The list goes on and on. These are real proposals that have a legitimate chance of becoming law because of the votes that people cast and the politicians that they elected.

Between Elections

Okay, so maybe you’re convinced that your vote matters. Maybe you’re convinced that your vote is something that is within your control. But what about in between elections? Do you still need to stay informed?

It may not seem obvious that you should. After all, the politicians are already elected. You can’t control how they are going to vote. So what they do is outside of your control, right?

While it is true that you ultimately can’t control how a politician will vote, you can control how much you do to influence that vote.

And here we will return to the efforts to repeal the Affordable Care Act.

The Republican party has spent the last seven years running on a platform of repealing the Affordable Care Act. The Republican House actually voted to repeal the ACA 54 times while Barack Obama was president. But now they have a Republican president. A president who is not going to veto a repeal bill that lands on his desk.

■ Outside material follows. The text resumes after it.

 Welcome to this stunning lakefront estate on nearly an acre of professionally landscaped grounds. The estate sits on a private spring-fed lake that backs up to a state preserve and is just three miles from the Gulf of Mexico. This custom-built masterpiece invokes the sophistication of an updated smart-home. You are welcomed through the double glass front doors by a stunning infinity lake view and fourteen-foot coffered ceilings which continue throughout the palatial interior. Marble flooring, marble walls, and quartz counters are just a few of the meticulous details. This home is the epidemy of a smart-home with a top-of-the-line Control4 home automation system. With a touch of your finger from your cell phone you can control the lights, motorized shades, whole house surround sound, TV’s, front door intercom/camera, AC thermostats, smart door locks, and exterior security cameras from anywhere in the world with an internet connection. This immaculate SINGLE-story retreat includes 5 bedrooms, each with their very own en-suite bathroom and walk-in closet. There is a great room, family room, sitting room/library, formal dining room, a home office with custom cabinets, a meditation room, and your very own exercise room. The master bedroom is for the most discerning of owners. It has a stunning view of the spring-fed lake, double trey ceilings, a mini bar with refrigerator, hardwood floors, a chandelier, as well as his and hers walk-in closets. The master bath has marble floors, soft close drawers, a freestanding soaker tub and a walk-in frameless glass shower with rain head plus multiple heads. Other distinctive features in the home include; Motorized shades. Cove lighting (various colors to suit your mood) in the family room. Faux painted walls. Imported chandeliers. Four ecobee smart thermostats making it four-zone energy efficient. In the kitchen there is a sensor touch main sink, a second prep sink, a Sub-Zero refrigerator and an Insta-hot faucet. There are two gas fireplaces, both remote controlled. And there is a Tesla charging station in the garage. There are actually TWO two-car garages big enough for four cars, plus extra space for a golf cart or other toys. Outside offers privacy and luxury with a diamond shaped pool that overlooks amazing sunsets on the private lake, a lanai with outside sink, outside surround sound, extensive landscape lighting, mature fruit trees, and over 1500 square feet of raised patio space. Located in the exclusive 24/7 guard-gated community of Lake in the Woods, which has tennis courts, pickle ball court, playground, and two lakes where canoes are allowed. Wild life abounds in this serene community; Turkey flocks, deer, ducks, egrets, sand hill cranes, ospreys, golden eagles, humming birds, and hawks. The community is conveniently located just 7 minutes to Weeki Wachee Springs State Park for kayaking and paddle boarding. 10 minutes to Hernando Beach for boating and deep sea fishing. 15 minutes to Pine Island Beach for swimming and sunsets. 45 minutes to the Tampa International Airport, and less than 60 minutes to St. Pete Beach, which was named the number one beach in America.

We all know by now that the Republican bill to repeal the ACA crashed and burned.

A lot of attention and blame for this failure was placed on the Freedom Caucus, a libertarian group that wanted a more conservative bill. But overlooked is how many moderate Republicans had already bailed on the bill. And how many more would have bailed if the bill had moved farther right.

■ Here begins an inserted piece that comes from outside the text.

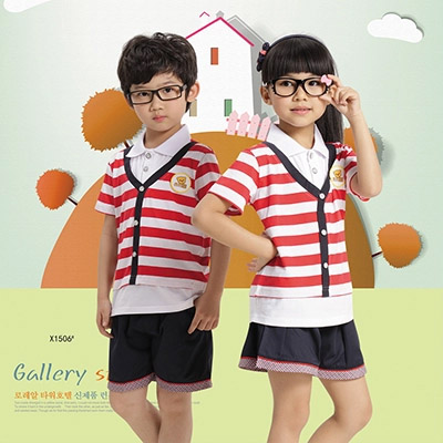 夏季丘比熊纯棉红白条纹假两件幼儿园园服校服批发

These members were responding to the voters. They were responding to the people that called their offices. They were responding to the people showing up at rallies and protests. They were responding to the many voices being raised in opposition to this bill.

There were many reasons that this bill failed, but let’s not forget that a large part of it was that people got informed, stayed engaged, and got active.

Politics matters. Government matters. And you can influence both. But you need to stay informed, stay engaged, and get active.

15 thoughts on “Politics and the Things We Can Control”

  1. This is a really great article on so many levels. I agree with you, that I get tired of people just ‘accepting’ the status quo. I mean isn’t that the base of the FIRE community… that we are non-conformists? And, yes, politics can be emotional, but it will be worse if we don’t stand up for what we believe in. Right or left politics aside, this current president is disturbing on so many levels, just as a human being.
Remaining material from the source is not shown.